The disappearance of the princes in the Tower is one of the most enduring murder mysteries. At this stage, it is worth making a crucial observation. If Richard believed in his legitimate right to the throne, he would not be compelled to kill the princes for his own accession to take place, for as bastards, they could be set aside. Whereas if he was an usurper, with no rights to the crown, there would be an awful necessity to do just that.

It's an apt phrase, “awful necessity,” and it very likely defines Richard's kingship regardless of his character. As Jones rightly points out, once Henry Tudor had launched his challenge from the Continent, Richard's choices dwindled to zero:

The country was not big enough for two kings and it is important to remember that Richard was facing an opponent who had directly and unequivocally laid claim to his office. The step Tudor had taken was in late medieval terms unprecedented, but it would be stranger still if Richard failed to react to it at once. Had he hesitated he would have appeared to concede. His purposeful readiness, therefore, was not nervous and precipitate but wise and necessary.

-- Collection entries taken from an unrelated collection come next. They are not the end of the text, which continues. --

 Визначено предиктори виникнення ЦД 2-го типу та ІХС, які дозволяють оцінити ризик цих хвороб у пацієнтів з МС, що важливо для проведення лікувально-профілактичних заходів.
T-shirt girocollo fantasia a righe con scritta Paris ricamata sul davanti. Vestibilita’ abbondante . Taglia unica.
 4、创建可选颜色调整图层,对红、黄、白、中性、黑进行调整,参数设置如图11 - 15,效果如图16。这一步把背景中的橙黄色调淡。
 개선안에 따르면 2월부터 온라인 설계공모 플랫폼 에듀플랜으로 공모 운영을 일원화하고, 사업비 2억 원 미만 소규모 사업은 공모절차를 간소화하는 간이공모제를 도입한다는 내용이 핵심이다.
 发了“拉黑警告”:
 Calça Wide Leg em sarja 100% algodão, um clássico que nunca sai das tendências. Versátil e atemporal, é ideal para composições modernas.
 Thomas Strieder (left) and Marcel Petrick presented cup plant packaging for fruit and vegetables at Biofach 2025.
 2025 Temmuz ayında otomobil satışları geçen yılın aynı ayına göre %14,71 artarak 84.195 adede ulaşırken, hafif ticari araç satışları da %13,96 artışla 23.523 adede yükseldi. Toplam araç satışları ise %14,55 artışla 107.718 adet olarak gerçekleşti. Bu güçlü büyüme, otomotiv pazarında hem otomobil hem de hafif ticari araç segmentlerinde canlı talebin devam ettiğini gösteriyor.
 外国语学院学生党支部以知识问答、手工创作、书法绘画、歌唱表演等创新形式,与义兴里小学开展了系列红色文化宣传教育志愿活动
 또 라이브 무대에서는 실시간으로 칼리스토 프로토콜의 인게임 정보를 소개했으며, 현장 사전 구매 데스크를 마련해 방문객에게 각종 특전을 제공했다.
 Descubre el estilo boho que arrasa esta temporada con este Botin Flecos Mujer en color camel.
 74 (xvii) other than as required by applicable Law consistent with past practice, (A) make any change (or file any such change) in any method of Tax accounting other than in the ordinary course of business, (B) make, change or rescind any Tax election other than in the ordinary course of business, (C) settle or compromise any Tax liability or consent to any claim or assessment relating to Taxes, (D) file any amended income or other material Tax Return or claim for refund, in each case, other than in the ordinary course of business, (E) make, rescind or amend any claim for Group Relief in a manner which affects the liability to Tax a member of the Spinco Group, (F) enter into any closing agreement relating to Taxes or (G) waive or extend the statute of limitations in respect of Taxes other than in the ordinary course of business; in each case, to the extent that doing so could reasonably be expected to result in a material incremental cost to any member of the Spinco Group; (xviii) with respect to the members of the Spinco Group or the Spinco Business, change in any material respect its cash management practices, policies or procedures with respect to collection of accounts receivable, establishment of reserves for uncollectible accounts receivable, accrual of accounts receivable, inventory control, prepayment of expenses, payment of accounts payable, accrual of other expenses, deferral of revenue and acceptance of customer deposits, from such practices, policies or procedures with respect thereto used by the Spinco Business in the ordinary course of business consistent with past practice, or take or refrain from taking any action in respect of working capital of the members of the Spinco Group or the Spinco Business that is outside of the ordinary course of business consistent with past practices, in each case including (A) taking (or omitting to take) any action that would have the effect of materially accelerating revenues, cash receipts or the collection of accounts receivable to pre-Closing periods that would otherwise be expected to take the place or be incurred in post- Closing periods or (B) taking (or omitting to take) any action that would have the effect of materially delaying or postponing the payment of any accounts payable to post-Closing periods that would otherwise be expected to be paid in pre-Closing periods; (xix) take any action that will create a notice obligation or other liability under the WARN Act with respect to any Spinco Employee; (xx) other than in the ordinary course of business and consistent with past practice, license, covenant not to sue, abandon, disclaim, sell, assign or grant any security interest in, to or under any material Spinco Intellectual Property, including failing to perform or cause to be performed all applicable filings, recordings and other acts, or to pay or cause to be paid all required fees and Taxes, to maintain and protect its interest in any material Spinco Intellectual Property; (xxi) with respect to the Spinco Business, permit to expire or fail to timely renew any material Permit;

The portrait of Richard in these pages is refreshingly complex. There are very good digressions about both the world of his Court and the nature of his bookishness, which seems to have been a bit more genuine than the norm, no doubt accounting for his brooding appeal even among well-educated young students in our own modern era. And Jones's centerpiece account of the Battle of Bosworth itself is superb and headlong and extremely nuanced, reminding his readers that there were hundreds of variables at play that day, from vagaries of weapons and tactics to the fact that the pivotal Stanley forces had a long-standing and bitter rivalry with another Northern family, the Harringtons. By insisting on providing the always complicated and sometimes messy background to those pivotal battlefield hours, Jones succeeds in making them feel even more dramatic. This is a Bosworth book to keep.